IT modernization and acquisition are tricky but necessary tasks for federal agencies. With a recent set of CIO and tech executive departures, the Government Accountability Office warns that it’s possible the task could get even more difficult.
IT Acquisition Gets Marked as High Risk
Just this summer, several senior tech leaders in agencies across the federal government announced they’re leaving their posts, FedScoop reports. Departures include: Office of Personnel Management CIO David DeVries, Navy CIO Rob Foster, Agriculture Department CIO Jonathan Alboum, Department of Veterans Affairs cloud strategist Roopangi Kadakia and Environmental Protection Agency CISO Sean Kelley.
Concerned with how the turnover might impact IT reform, the GAO has placed the topic of IT acquisition on its High Risk List, a register of “agencies and program areas that are high risk due to their vulnerabilities to fraud, waste, abuse, and mismanagement, or are most in need of transformation,” released every two years.
The report calls out improving the management of IT acquisitions and operations as an area that needs “substantive attention.”
“Although the executive branch has undertaken numerous initiatives to better manage the more than $80 billion that is annually invested in information technology (IT), federal IT investments too frequently fail or incur cost overruns and schedule slippages while contributing little to mission-related outcomes,” the GAO states.

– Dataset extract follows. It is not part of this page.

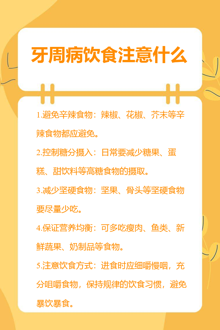 牙周病患者饮食需注意避免辛辣食物、控制糖分摄入、减少坚硬食物、保证营养均衡、注意饮食方式等。

While Congress enacted the Federal Information Technology Acquisition Reform Act (FITARA) in December 2014 with the aim to provide CIOs with greater power to shape agency tech strategies, the GAO Comptroller Gen. Gene Dodaro echoed worries that a lack of leaders in these positions could limit effective IT acquisition.

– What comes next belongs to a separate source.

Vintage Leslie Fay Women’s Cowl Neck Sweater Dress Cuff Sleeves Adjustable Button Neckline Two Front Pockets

“That’s an area to be concerned about,” Dodaro said at a recent National Academy of Public Administration event on the High Risk List, reiterating that government spends about $90 billion on IT a year and doesn’t often get a solid return on its investment, FedScoop reports. “If people aren’t in place in senior management positions to manage that risk, that’s of concern to me.”
Recommendations to Improve Federal IT Acquisition
So how can the Office of Management and Budget (OMB) and federal agencies address the issues facing IT acquisition?
First, the GAO encourages the federal government to “expeditiously implement the requirements of FITARA.”
These requirements include:
- Consolidating federal data centers
- Enhancing transparency and improving risk management
- Enhancing agency CIO authority
- Reviewing IT investment portfolios
- Expanding training and use of IT acquisition cadres
- Purchasing software governmentwide
- Maximizing the benefit of federal strategic sourcing
“While OMB's June 2015 FITARA implementation guidance provides a solid foundation for implementing the law and addresses the actions agencies are to take in regard to several initiatives that we have identified as high risk, OMB will need to provide consistent oversight to ensure that agency actions are completed and the desired results are achieved. Doing so should continue to improve the transparency and management of IT acquisitions and operations, as well as increase the authority of CIOs to provide needed direction and oversight,” the report finds.
Moreover, the GAO encourages the federal government to implement previous guidance around workforce planning practices that can help to address the skills gap and encourage more effective team collaboration.
“When fully implemented, these key practices should better position agencies to efficiently make decisions that cross lines of expertise and improve their ability to assess and address gaps in knowledge and skills that are critical to the success of major IT acquisitions,” the report notes.
Further, agencies should establish action plans for tech modernization to ensure that IT upgrades and future investments in IT are as effective as possible.
Agencies should also look to provide greater transparency into IT investments by better using the IT Dashboard to track and report tech investments.
And finally, the agencies need to ensure and report continued progress toward these goals, although without key tech leadership, the road to more effective IT acquisition and spending could be rockier.
“We’ll be watching that and will see what the impact that’s going to have, both in terms of vacancies, but also what it will do the pace of implementing the reforms under FITARA to give the CIOs more authority in IT procurements in the budget process as well,” Dodaro said. “That’s an area to pay attention to.”